Mailing List Archives
Authenticated access
|
|
|
[Date Prev][Date Next][Thread Prev][Thread Next][Date Index][Thread Index]
[HTCondor-users] Advertised Memory of an execute point running in Apptainer.
- Date: Fri, 21 Mar 2025 16:35:00 +0100
- From: Matthias Schnepf <matthias.schnepf@xxxxxxx>
- Subject: [HTCondor-users] Advertised Memory of an execute point running in Apptainer.
Hi all,
We try to run an HTCondor execute point (master, startd) in an apptainer
container within a SLURM job.
HTCondor starts and is able to run jobs. However, the advertised memory
is always the memory of the host system or when I limit the memory via
apptainer (apptainer run --memory ....).
I tried setting the "Memory" class-ad in the config of the execute
point, but it has no effect.
I also tried it withMemory = "foo". The execute point still advertises
the memory of the host system and accepted jobs. The start of the job
failed because it tried to evaluate Memory="foo" and complained that it
is no integer.
Do I need to set something?
The Slurm WN is a Rockylinux 9.5. I tried HTCondor versions 23.10.18
and 24.0.5. The Slurm cluster sund the cgroup v2 plugin slurmstepd.
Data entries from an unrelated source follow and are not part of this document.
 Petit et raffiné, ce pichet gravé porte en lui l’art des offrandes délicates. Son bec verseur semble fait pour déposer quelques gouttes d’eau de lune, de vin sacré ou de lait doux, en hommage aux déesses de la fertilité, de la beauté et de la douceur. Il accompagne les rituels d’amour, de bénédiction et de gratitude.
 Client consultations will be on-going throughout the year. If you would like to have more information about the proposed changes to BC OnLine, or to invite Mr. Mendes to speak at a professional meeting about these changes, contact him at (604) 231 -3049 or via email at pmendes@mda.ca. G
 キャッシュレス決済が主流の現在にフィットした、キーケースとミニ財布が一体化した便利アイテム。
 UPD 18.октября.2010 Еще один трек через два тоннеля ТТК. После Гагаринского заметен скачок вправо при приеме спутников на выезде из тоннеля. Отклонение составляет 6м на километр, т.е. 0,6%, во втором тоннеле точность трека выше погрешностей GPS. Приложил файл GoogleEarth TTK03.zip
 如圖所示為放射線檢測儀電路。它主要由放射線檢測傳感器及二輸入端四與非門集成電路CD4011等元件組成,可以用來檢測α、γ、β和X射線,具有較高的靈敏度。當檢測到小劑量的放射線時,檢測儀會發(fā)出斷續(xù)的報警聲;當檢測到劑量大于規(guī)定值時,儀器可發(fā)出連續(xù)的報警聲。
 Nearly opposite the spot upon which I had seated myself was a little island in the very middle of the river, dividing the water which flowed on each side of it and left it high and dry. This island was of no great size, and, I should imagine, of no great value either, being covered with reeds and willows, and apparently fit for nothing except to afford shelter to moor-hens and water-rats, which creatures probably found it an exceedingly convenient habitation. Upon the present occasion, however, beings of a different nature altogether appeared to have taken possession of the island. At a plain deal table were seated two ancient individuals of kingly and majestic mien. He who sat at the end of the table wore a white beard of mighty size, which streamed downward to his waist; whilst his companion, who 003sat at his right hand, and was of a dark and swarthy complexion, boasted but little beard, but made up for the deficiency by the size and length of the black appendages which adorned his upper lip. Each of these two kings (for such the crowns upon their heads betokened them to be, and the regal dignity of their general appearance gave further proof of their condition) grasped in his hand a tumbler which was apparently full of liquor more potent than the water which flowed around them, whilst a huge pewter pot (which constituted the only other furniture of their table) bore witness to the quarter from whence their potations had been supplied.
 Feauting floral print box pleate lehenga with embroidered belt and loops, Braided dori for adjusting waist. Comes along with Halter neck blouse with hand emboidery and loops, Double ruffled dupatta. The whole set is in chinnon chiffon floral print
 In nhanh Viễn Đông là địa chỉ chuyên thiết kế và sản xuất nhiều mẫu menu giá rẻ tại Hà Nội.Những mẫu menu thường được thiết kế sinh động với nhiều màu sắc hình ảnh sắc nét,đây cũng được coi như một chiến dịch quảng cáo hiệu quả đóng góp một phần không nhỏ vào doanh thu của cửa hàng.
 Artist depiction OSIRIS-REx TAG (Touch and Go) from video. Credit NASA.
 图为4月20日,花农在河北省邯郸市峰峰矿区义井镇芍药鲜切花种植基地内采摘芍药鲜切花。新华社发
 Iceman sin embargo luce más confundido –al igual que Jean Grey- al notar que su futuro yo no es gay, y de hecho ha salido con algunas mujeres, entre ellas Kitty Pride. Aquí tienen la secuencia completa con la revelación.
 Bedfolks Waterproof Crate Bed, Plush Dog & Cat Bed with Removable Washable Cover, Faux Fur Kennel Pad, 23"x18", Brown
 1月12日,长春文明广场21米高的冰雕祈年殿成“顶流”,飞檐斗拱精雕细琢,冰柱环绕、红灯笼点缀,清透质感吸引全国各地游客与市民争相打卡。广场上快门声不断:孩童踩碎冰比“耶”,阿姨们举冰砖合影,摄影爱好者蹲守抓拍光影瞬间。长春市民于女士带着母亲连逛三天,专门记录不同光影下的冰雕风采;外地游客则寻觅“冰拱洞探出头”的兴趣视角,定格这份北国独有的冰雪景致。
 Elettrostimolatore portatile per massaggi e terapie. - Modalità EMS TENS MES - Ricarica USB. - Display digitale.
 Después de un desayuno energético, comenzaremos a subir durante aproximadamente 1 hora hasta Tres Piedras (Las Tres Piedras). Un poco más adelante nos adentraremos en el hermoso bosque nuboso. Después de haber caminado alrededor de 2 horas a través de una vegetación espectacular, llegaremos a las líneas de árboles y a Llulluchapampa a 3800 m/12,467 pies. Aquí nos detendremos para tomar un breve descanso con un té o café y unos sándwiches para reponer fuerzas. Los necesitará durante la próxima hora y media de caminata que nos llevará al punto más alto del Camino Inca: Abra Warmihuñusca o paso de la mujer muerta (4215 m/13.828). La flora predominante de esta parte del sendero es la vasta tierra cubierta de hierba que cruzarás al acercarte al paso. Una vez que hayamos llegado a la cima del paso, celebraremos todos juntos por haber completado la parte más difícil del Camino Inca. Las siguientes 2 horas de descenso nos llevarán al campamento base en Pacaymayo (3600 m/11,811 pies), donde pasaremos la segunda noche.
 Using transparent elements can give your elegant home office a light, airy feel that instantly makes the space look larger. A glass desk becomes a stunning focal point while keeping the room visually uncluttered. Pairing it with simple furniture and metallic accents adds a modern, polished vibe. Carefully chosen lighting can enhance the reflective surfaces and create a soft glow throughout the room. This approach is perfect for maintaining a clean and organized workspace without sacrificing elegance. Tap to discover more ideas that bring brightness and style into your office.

Could it be a problem with how the groups are set up?
The memory limit of the job itself is set to what the job requests:
cat /sys/fs/cgroup/system.slice/slurmstepd.scope/job_3679/memory.max
536870912000
But the process of HTCondor runs in a sub-cgroup where the limit is set
to max
cat
/sys/fs/cgroup/system.slice/slurmstepd.scope/job_3679/step_batch/user/task_0/memory.max
max
Best regards,
Matthias